Paternidad y nutrición no son palabras que pongamos juntas habitualmente. Y quizá vale la pena hacerlo más a menudo. La nutrición paterna tiene otro sabor, es distinta a la materna, nos completa.
En la mayor parte de las culturas tribales, padres e hijos conviven en un clima de cordial tolerancia. El hijo tiene mucho que aprender, de modo que padre e hijo pasan horas juntos fabricando puntas de flecha, reparando una lanza o siguiendo la pista a un animal astuto. Cuando un padre y un hijo pasan largas horas juntos, lo que aún hacen algunos padres e hijos, se puede decir que, como si de alimento se tratase, una sustancia se transfiere del cuerpo más viejo al más joven.
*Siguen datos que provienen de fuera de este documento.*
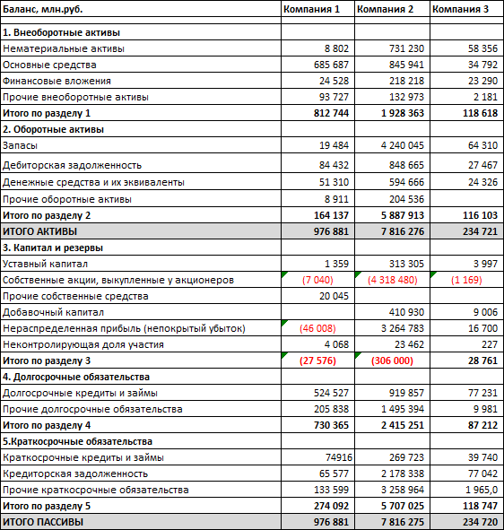ЗаданиеРассмотрите данные бухгалтерских балансов трех компаний.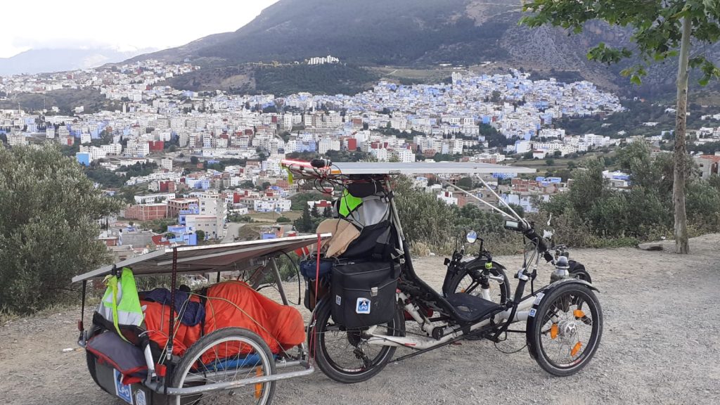 “From Morocco, I’ll remember above all the magnificent landscapes of the Atlas Mountains, well deserved after a few thousand kilometres of pedalling. The days in the desert before Zagora were quite trying, I’ll remember: sandy wind (head-on), lack of sun, exhausting pedalling with breaks sometimes every 5 kilometres (to get your strength back), now I can say: “I’ve done it! One rather negative point I’d like to mention though: the various insults and assaults from the children in response to my greetings… it reveals a worrying lack of education and quite taints the Moroccan hospitality I’d come to seek.”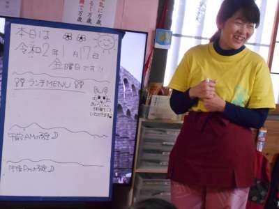 朝会では本日の予定や昼食メニュー等をお伝えしています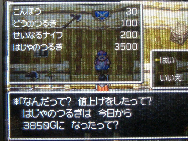 で、そうこうしてると、なんと、はじゃのつるぎ を売りに来た客がいて、買い取ったんですが、3500Gで、店頭に並びました。買い取り価格は、2600Gぐらいだったんですが、なかなか良い商売してますねぇ。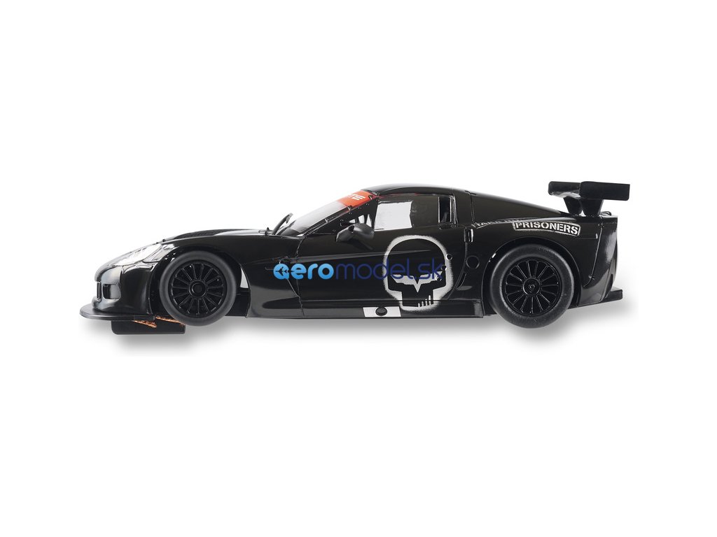 Dráhové autíčko SCX Classic Corvette C6R Skull v měřítku 1:32, pro analogové autodráhy SCX Classic. Autíčko je vybaveno LED světly.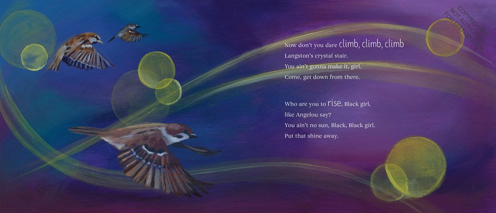 With poignant, poetic prose and striking, color-drenched illustrations, this empowering picture book centers the inherent worthiness and radiance of Black girls that is still far too often denied. A love letter to and for Black girls everywhere, Black Girl Rising alchemizes the sorrow and strength of the past into the brilliant gold of the future, sweeping young readers of all backgrounds into a lyrical exploration of what it means to be Black, female, and glorious.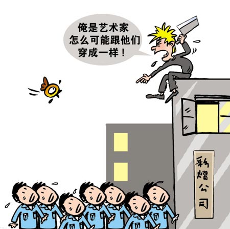 “我是搞藝術的人,喜歡個性張揚,卻偏偏把我整得跟他們一模一樣!”日前,因不滿公司統一制服,且設計提成未給足,廣州某公司工業(yè)設計經理彭同學第三次報警,且以跳樓絕食相要挾。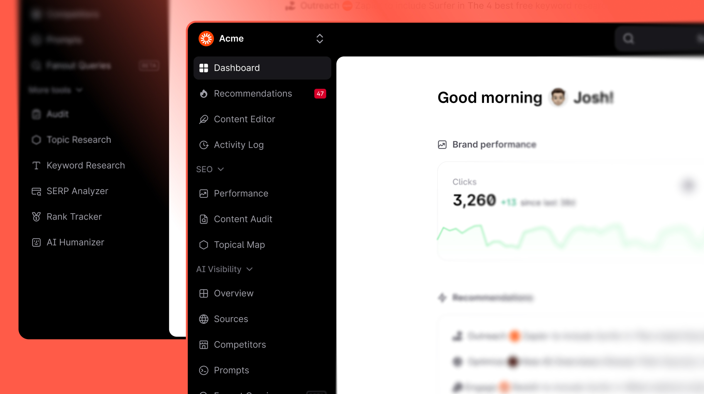 Surfer’s navigation has been completely redesigned to separate workspace management from organizational settings. With a new persistent top bar, breadcrumb navigation, and a brand-focused dashboard, users can now benchmark their performance against competitors and access their core tools faster than ever before.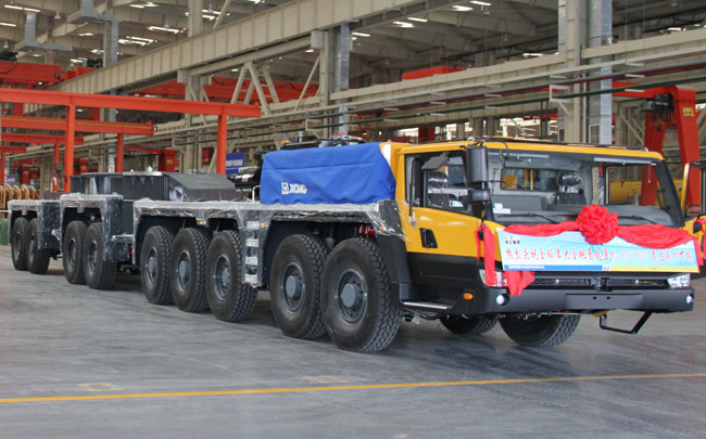 The biggest all-terrain crane chassis QAY1600 has just been successfully launched at XCMG, marking a new height of China’s R&D and production ability in super heavy all-terrain crane chassis. QAY1600 is equipped with a self-made 9-bridge system, a high-performance hydro-pneumatic suspension system, and an all-wheel drive multi-mode Electro-Hydraulic Power Steering (EHPS), enabling it to perform pivot-turn and crab hydraulic steering, with higher mobility. The use of multiple-bridge driven technology on QAY1600 provides greater power, making it possible to practice heavy-duty drive and tough-terrain drive, with a maximum climbable gradient of 50%.

En nuestro tiempo, la mente intentaría definir el intercambio entre padre e hijo como un proceso de imitación. Pero yo creo que lo que en realidad ocurre es un intercambio físico, como si una sustancia pasase directamente a las células. El cuerpo del hijo —no su mente— recibe, y el padre da este alimento a un nivel muy por debajo de la consciencia.
El hijo no recibe una curación por imposición de manos sino corporal. Sus células reciben cierto conocimiento sobre el cuerpo masculino adulto. El cuerpo más joven aprende a qué frecuencia vibra el cuerpo masculino. Empieza a percibir la canción que cantan las células del varón adulto, y cómo bailan las encantadoras, elegantes, solitarias, valientes, semiavergonzadas moléculas masculinas.